Could you restate the data below word for word, without its pictures?

**PROVIDED MATERIAL**
━━━━━━━━━━━━━━━━━━━━
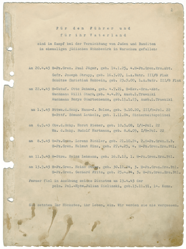 Het boekwerk begint met een getypte lijst namen van tussen 22 april 1943 en 13 mei 1943 ‘in de strijd bij de vernietiging van Joden en Bandieten gevallen’ SS-ers: vijftien man in totaal en als je de Poolse politieman die blijkbaar ook het loodje legde erbij optelt zestien — de vergelijking met Mein Kampf dringt zich op, dat boek is immers opgedragen aan de nagedachtenis van zestien ‘Blutzeugen’ die voor de nationaal-socialistische zaak zijn gevallen bij Hitlers mislukte putsch op 9 november 1923, om 12:30 in de middag.
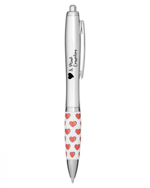 - Retractable curvy plastic barrel ballpoint pen with heart/healthcare theme stock art grip
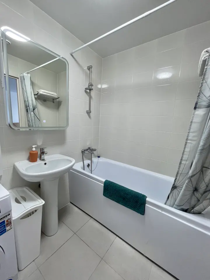 - Санузел совмещённый, ванна, стиральная машина, фен, утюг
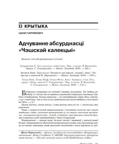 Аўтар(ы): Чарнякевіч ЦіханЧарнякевіч, Ціхан. Адчуванне абсурднасці «Чэшскай калекцыі» // № 6 (81) — 2009. С. 305—313. Выданьні, якія абмяркоўваюцца ў аглядзе: 1) Андранікава Г. Гук сонечнага гадзінніка / ...
━━━━━━━━━━━━━━━━━━━━
**WRITTEN ANSWER**
 Het boekwerk begint met een getypte lijst namen van tussen 22 april 1943 en 13 mei 1943 ‘in de strijd bij de vernietiging van Joden en Bandieten gevallen’ SS-ers: vijftien man in totaal en als je de Poolse politieman die blijkbaar ook het loodje legde erbij optelt zestien — de vergelijking met Mein Kampf dringt zich op, dat boek is immers opgedragen aan de nagedachtenis van zestien ‘Blutzeugen’ die voor de nationaal-socialistische zaak zijn gevallen bij Hitlers mislukte putsch op 9 november 1923, om 12:30 in de middag.
 - Retractable curvy plastic barrel ballpoint pen with heart/healthcare theme stock art grip
 - Санузел совмещённый, ванна, стиральная машина, фен, утюг
 Аўтар(ы): Чарнякевіч ЦіханЧарнякевіч, Ціхан. Адчуванне абсурднасці «Чэшскай калекцыі» // № 6 (81) — 2009. С. 305—313. Выданьні, якія абмяркоўваюцца ў аглядзе: 1) Андранікава Г. Гук сонечнага гадзінніка / ...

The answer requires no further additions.